■ DATA TO USE:

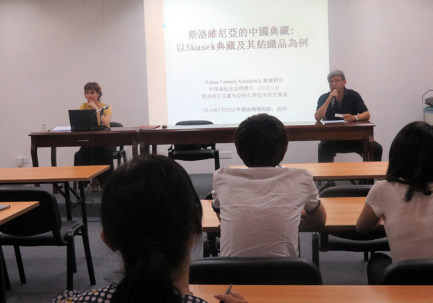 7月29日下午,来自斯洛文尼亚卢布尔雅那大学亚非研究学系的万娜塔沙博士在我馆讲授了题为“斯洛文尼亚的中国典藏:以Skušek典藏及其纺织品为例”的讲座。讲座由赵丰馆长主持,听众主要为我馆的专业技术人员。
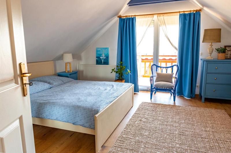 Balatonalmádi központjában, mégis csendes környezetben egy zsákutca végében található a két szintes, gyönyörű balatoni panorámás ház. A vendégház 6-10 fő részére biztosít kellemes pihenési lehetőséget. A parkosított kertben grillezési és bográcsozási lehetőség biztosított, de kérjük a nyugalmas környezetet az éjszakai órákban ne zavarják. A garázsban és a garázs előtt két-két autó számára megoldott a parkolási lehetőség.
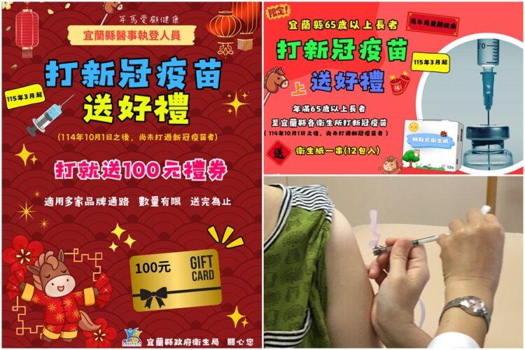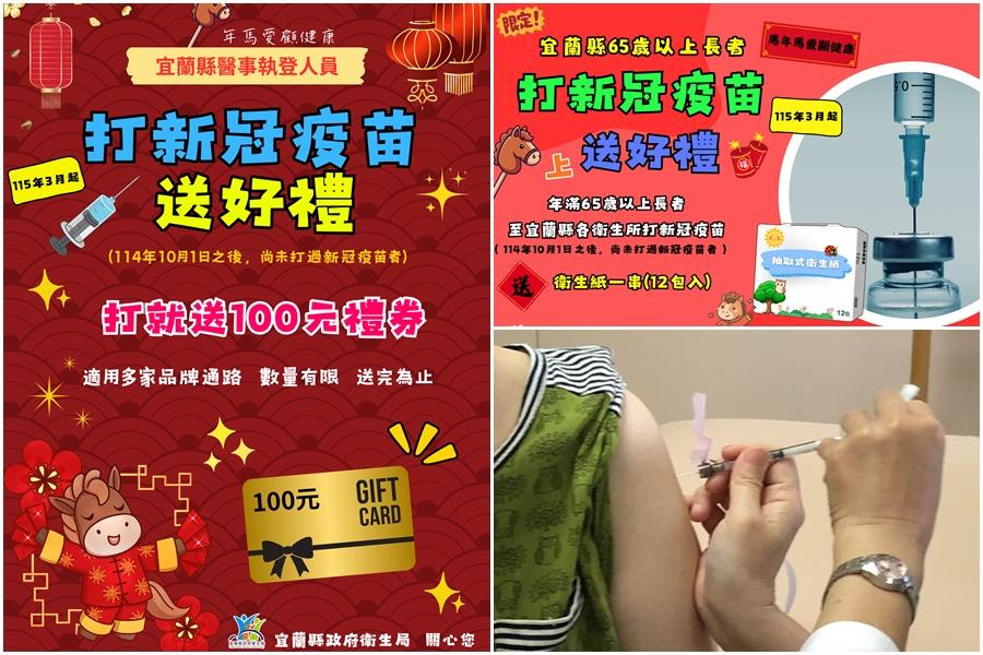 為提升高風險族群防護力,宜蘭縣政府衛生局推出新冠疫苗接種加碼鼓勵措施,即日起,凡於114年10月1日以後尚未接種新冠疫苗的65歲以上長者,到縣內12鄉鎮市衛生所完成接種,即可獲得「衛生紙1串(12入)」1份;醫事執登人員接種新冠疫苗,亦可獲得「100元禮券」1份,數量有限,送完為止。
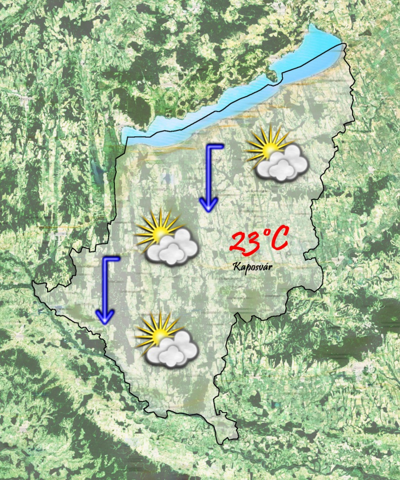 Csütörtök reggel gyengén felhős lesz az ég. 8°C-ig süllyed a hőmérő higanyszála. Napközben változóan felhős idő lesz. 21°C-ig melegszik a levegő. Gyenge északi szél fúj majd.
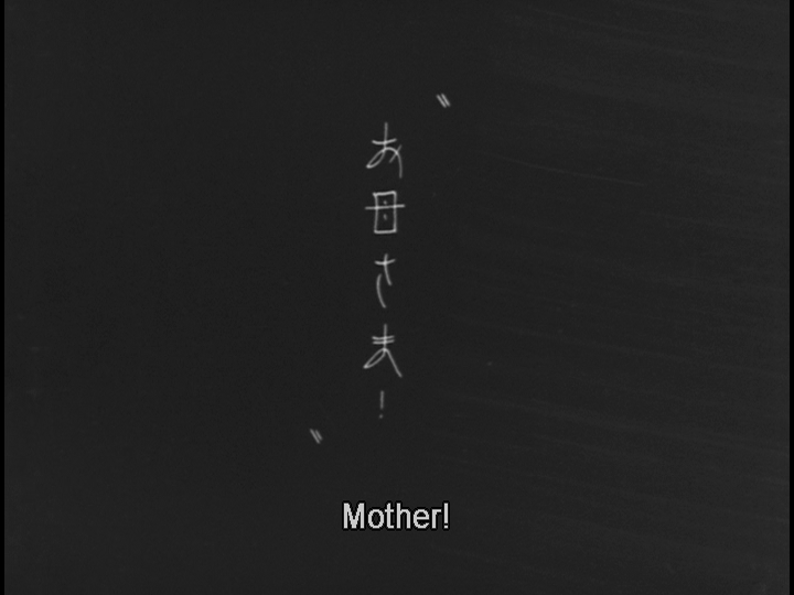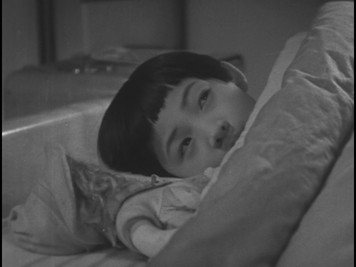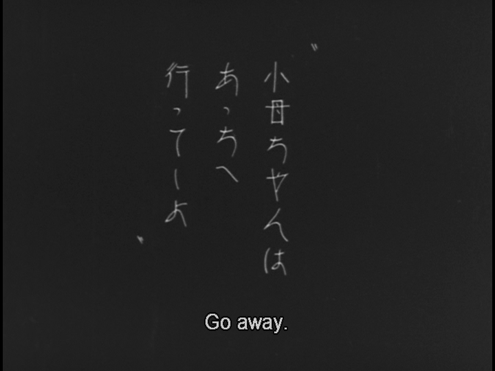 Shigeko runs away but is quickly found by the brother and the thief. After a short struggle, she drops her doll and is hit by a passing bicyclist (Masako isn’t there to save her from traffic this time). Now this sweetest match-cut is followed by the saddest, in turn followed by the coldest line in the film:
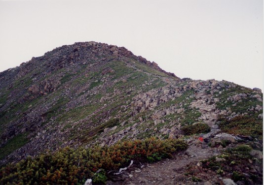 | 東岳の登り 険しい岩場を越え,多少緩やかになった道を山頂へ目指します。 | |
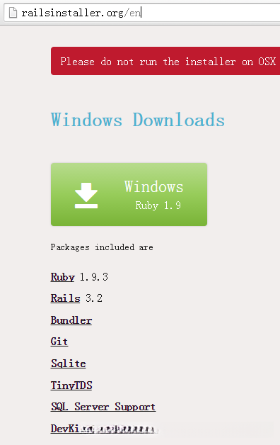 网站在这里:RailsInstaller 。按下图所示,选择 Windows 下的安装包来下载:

■ WHAT YOU HAVE TO DO: Please give back exactly the lines from the first line of the records above through the line containing "Csütörtök reggel gyengén", only those and both included, with the pictures removed.

■ RESPONSE TO THE TASK:
 7月29日下午,来自斯洛文尼亚卢布尔雅那大学亚非研究学系的万娜塔沙博士在我馆讲授了题为“斯洛文尼亚的中国典藏:以Skušek典藏及其纺织品为例”的讲座。讲座由赵丰馆长主持,听众主要为我馆的专业技术人员。
 Balatonalmádi központjában, mégis csendes környezetben egy zsákutca végében található a két szintes, gyönyörű balatoni panorámás ház. A vendégház 6-10 fő részére biztosít kellemes pihenési lehetőséget. A parkosított kertben grillezési és bográcsozási lehetőség biztosított, de kérjük a nyugalmas környezetet az éjszakai órákban ne zavarják. A garázsban és a garázs előtt két-két autó számára megoldott a parkolási lehetőség.
 為提升高風險族群防護力,宜蘭縣政府衛生局推出新冠疫苗接種加碼鼓勵措施,即日起,凡於114年10月1日以後尚未接種新冠疫苗的65歲以上長者,到縣內12鄉鎮市衛生所完成接種,即可獲得「衛生紙1串(12入)」1份;醫事執登人員接種新冠疫苗,亦可獲得「100元禮券」1份,數量有限,送完為止。
 Csütörtök reggel gyengén felhős lesz az ég. 8°C-ig süllyed a hőmérő higanyszála. Napközben változóan felhős idő lesz. 21°C-ig melegszik a levegő. Gyenge északi szél fúj majd.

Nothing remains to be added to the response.